Magnesium and strontium are able to enhance osteogenesis and suppress osteoclastic activities simultaneously, and they were nontoxic in wide concentration ranges; these make the magnesium-strontium phosphate bioceramics suitable for treating osteoporotic bone defects. The aim of this study was to investigate the effects of strontium amount on the mechanical strength and cell-biological performance of magnesium-strontium phosphate [Mg_xSr_3-x(PO₄)₂; 3-x = 0, 0.1, 0.25, 0.5, 0.75, 1] bioceramics, which were sintered at 1100 °C. The results indicated that the magnesium-strontium phosphate bioceramics except Mg_2.9Sr_0.1(PO₄)₂ and Mg_2.25Sr_0.75(PO₄)₂ bioceramics had considerable compressive strength. The variation in magnesium and strontium contents did not regularly affect the in vitro osteogenic differentiation and osteoclastic activities. The Mg_2.75Sr_0.25(PO₄)₂ bioceramic had the most desirable overall performance, as reflected by considerably high compressive strength, enhanced in vitro osteogenesis and inhibited osteoclastic activities. Therefore, the Mg_2.75Sr_0.25(PO₄)₂ bioceramic is considered a promising biomaterial for osteoporotic bone regeneration.
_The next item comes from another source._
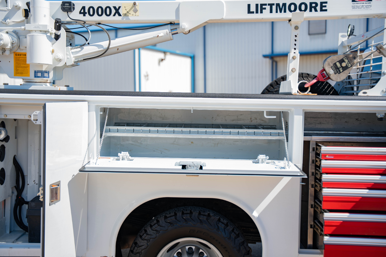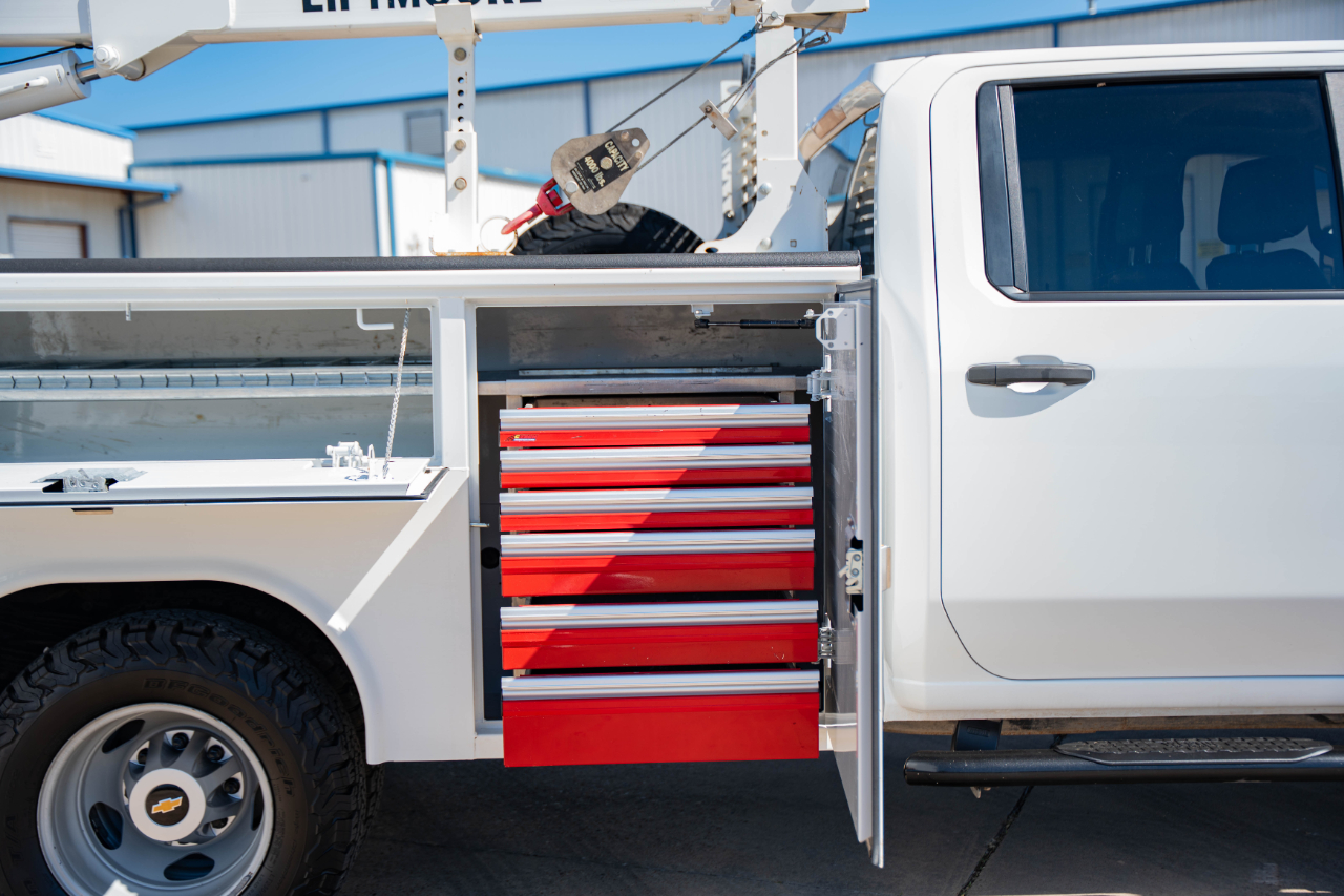 Reading Service Body: Features a durable Reading Service Body with a practical drawer pack system for secure and organized tool storage.

镁和锶能够同时增强成骨作用和抑制破骨细胞活性，并且在很宽的浓度范围内都无毒。这些使磷酸镁锶生物陶瓷适合于治疗骨质疏松性骨缺损。本研究的目的是研究锶量对磷酸镁锶[Mg _x Sr _3-x（PO ₄）₂的机械强度和细胞生物学性能的影响。[3-x ＝ 0、0.1、0.25、0.5、0.75、1]生物陶瓷，其在1100℃下烧结。结果表明，除Mg _2.9 Sr _0.1（PO ₄）₂和Mg外，磷酸镁锶生物陶瓷_2.25 Sr _0.75（PO ₄）₂生物陶瓷具有相当大的抗压强度。镁和锶含量的变化没有规律地影响体外成骨分化和破骨活性。Mg _2.75 Sr _0.25（PO ₄）₂生物陶瓷具有最理想的总体性能，这表现为相当高的抗压强度，增强的体外成骨作用和抑制破骨细胞活性。因此，Mg _2.75 Sr _0.25（PO ₄）₂生物陶瓷被认为是用于骨质疏松性骨再生的有前途的生物材料。